I have been reading many articles written by Asian women about the Asian woman experience in America. How we feel invisible, or hypersexualized or mistaken for one another constantly or asked where are you from too many times. Someone even wrote on a facebook post, as an Asian woman, I’m near the bottom of the food chain. (If we are having a food chain race to the bottom, I would argue that having an intellectual disability puts you way, way further down. I don’t see any comedians apologizing for any retard jokes they have freely and abundantly made in the past.) I refuse to feel that way. Or I don’t want to feel that way.
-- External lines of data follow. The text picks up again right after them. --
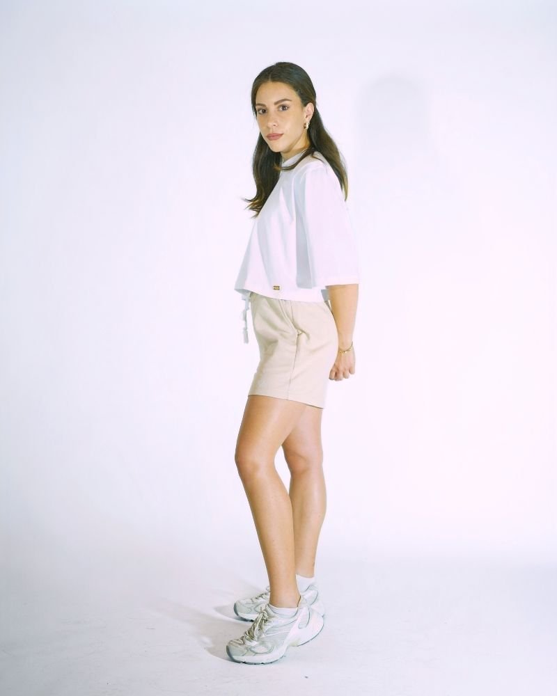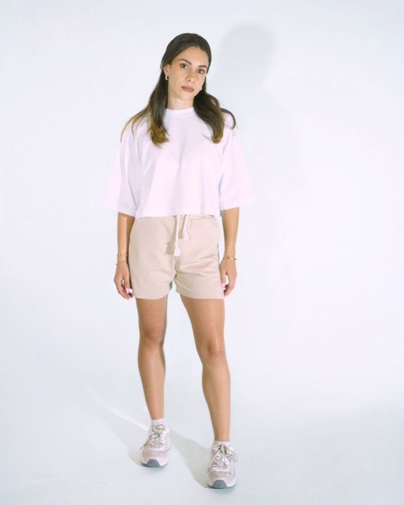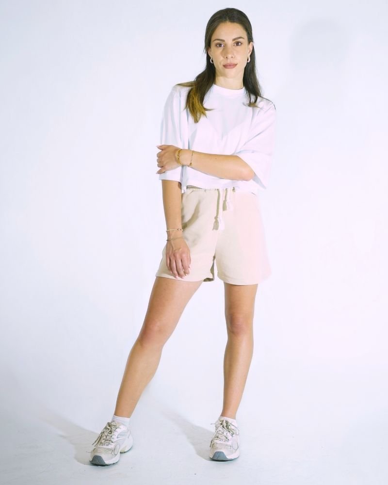 Γυναικείο μπεζ σορτς με αθλητική κομψότητα και χαλαρή εφαρμογή. Διαθέτει λάστιχο και
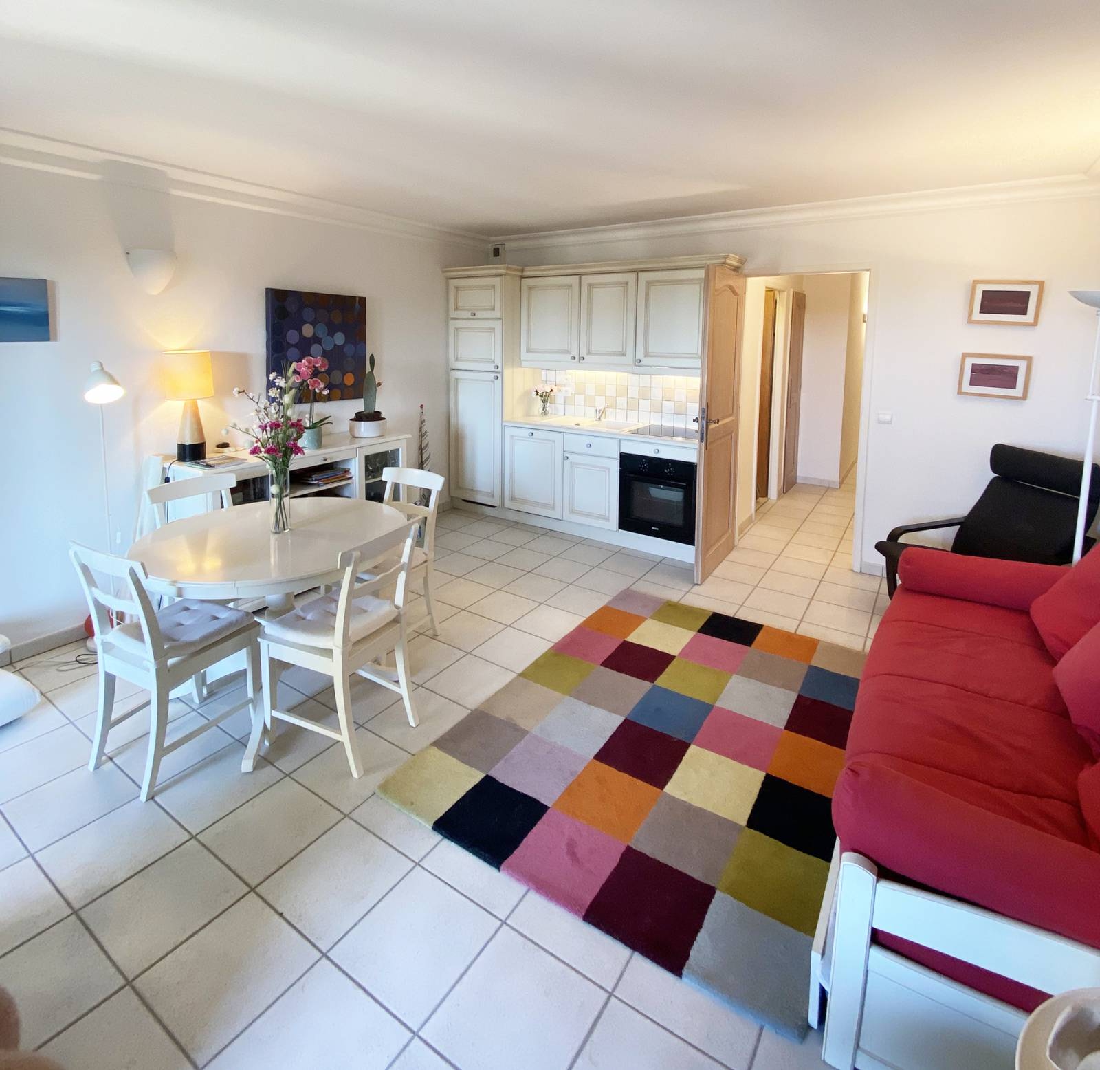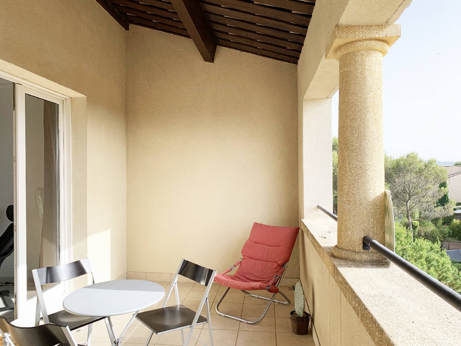 L'appartement bénéficie d'une exposition Est/Ouest, avec une belle terrasse ensoleillée accompagné d'une vue féerique sur le village ancien du Golf de pont Royal.
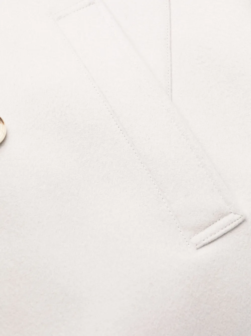 Светло-серый, смесь шерсти и кашемира, высокий воротник, длинные рукава, двубортная застежка на кнопки и два прорезных кармана сбоку.
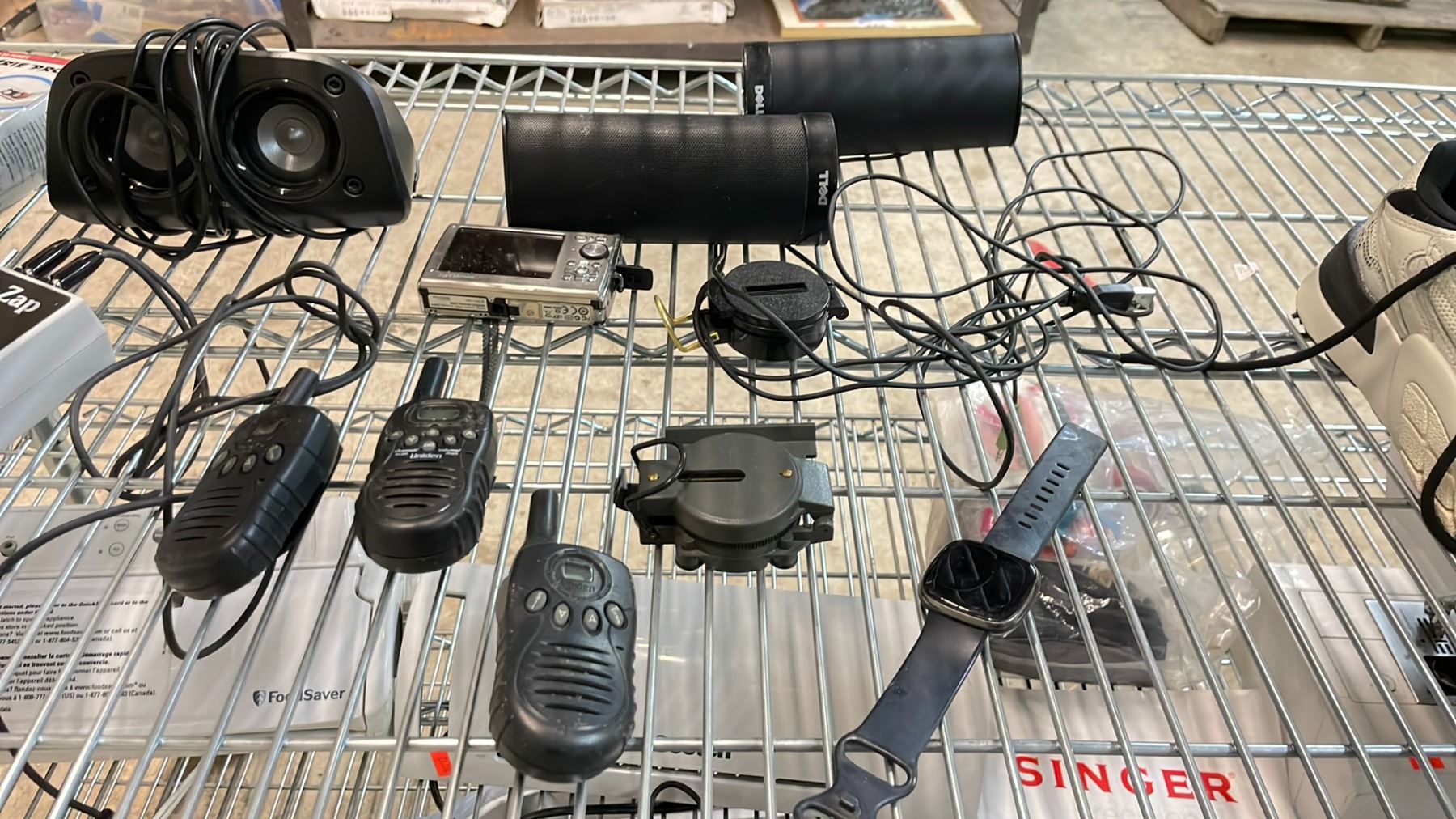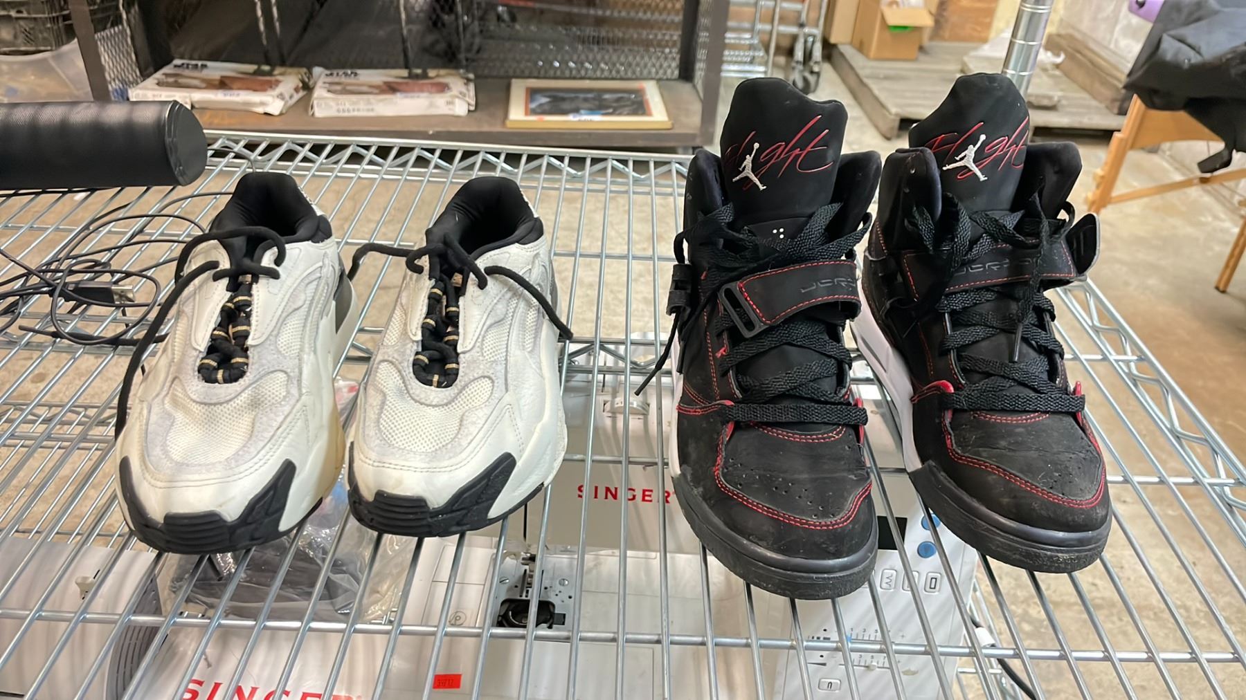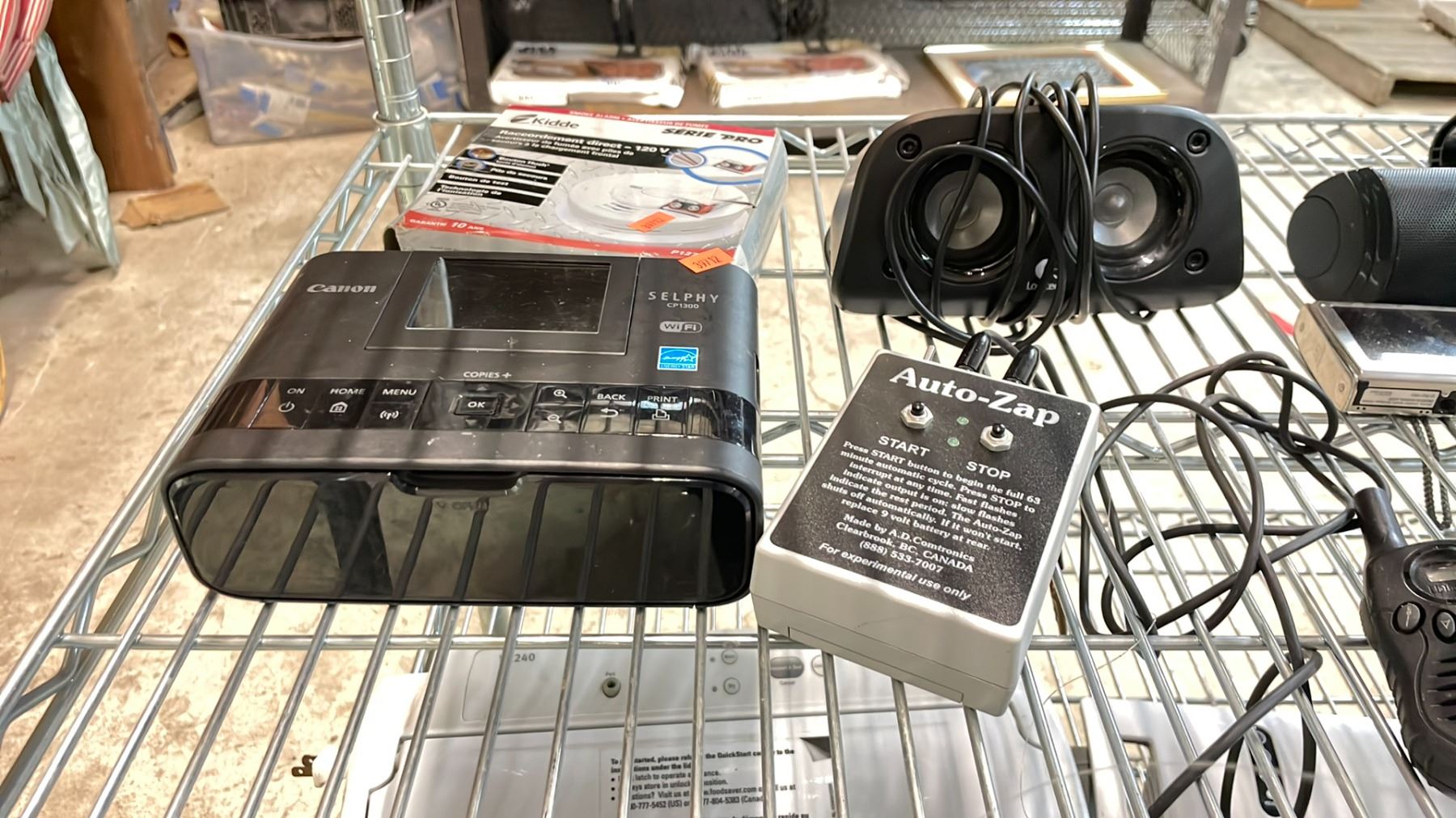 SHELF OF ASSORTED ELECTRONICS & SHOES, INCLUDES JORDAN FLIGHT SHOES *SZ 6Y US* CANON SELPHY CP1300 PHOTO PRINTER & MORE

I have been given so many gifts and so much kindness from so many different types of people and the people who behave in terrible ways are relatively few in number that I just can’t constantly think that I’m the oppressed or marginalized one. I’ve found that the most odious people are equal opportunity assholes and that we can all behave badly at different times, but most of us get up and try again to be better or to right our wrongs. I know sometimes people can’t tell me apart from other Asian women, but when I started on my unit where most of my coworkers are Black, it was hard for me to remember everyone’s name and not mix people up. Everyone extended grace to me then as I stumbled through inadvertent and embarrassing mix-ups for longer than I’d like to admit. So maybe I’m the asshole. (And my parents! Just put them in front of fast action filled film with more than 5 white people and they are confused all the time.) As for asking where I’m from (which now it seems most Asian Americans take as a microaggression), I find most people ask it out of a type of kind curiosity. If you don’t ask, you don’t know. Literally, the 2nd chapter in any language book teaches you how to ask, where are you from? I’m from the Maryland. Where are you from? I’m from Mexico City. It is only in learning where we are all from that we will be able to understand where we can go together.

But I’ve gone round and round on this. Should I be angrier at the weirdo guys who hit on me (but not anymore now that I’m almost 50)? Should I be pissed when a man interrupts or talks over me in meetings (not anymore because I’ve arranged my professional life to be meeting-free)? Should I be irritated when someone isn’t satisfied when I say I’m from Maryland when they asked where I’m from (I’m mostly messing with them now when I say Maryland)? Maybe.